• What you should do:
Lines of the material that include the string "Room" should be returned.

• Entries shown:
=-=-=
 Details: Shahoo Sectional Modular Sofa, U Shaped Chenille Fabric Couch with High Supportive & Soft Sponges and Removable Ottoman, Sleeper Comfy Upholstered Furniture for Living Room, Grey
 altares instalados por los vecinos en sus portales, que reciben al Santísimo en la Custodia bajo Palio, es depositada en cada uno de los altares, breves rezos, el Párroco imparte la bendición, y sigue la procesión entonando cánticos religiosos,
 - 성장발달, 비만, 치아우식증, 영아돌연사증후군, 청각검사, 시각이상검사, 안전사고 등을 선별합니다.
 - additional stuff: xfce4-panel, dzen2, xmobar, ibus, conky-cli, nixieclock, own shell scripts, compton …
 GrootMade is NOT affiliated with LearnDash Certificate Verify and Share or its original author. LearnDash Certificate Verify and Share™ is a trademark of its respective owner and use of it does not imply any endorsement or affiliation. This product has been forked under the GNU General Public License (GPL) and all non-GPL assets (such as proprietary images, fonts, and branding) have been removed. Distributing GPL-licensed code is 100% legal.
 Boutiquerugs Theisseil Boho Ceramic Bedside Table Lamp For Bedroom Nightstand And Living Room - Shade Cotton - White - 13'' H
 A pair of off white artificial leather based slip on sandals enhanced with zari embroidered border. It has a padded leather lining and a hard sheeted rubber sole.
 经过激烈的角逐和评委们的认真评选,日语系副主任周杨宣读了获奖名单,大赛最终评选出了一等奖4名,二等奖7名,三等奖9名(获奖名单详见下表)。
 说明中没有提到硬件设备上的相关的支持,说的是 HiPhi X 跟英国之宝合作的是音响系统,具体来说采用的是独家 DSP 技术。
=-=-=
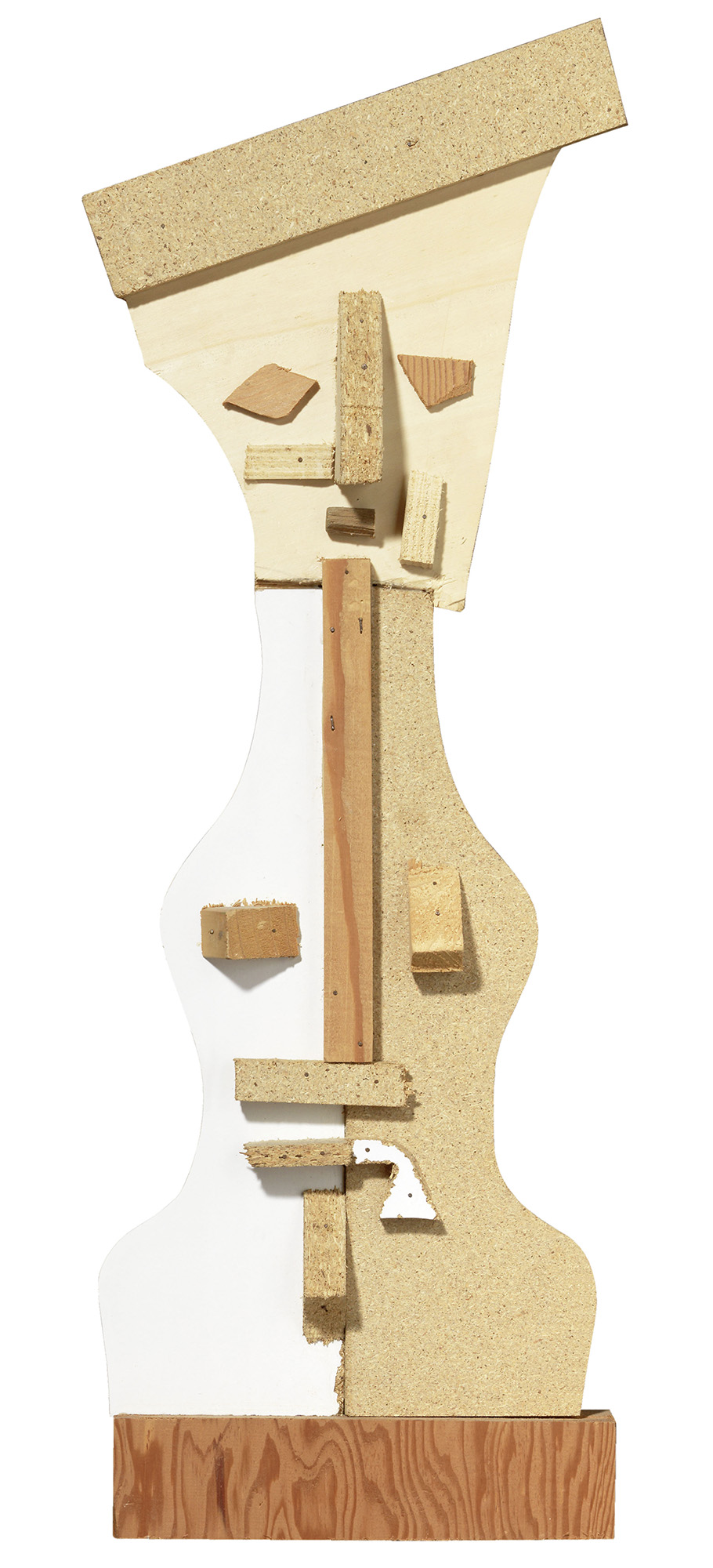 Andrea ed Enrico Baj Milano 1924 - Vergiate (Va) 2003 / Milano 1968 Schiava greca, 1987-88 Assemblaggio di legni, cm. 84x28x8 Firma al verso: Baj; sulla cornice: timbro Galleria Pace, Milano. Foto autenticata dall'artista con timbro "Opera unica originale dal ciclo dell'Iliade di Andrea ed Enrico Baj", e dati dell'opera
=-=-=
• The answer:
 Details: Shahoo Sectional Modular Sofa, U Shaped Chenille Fabric Couch with High Supportive & Soft Sponges and Removable Ottoman, Sleeper Comfy Upholstered Furniture for Living Room, Grey
 Boutiquerugs Theisseil Boho Ceramic Bedside Table Lamp For Bedroom Nightstand And Living Room - Shade Cotton - White - 13'' H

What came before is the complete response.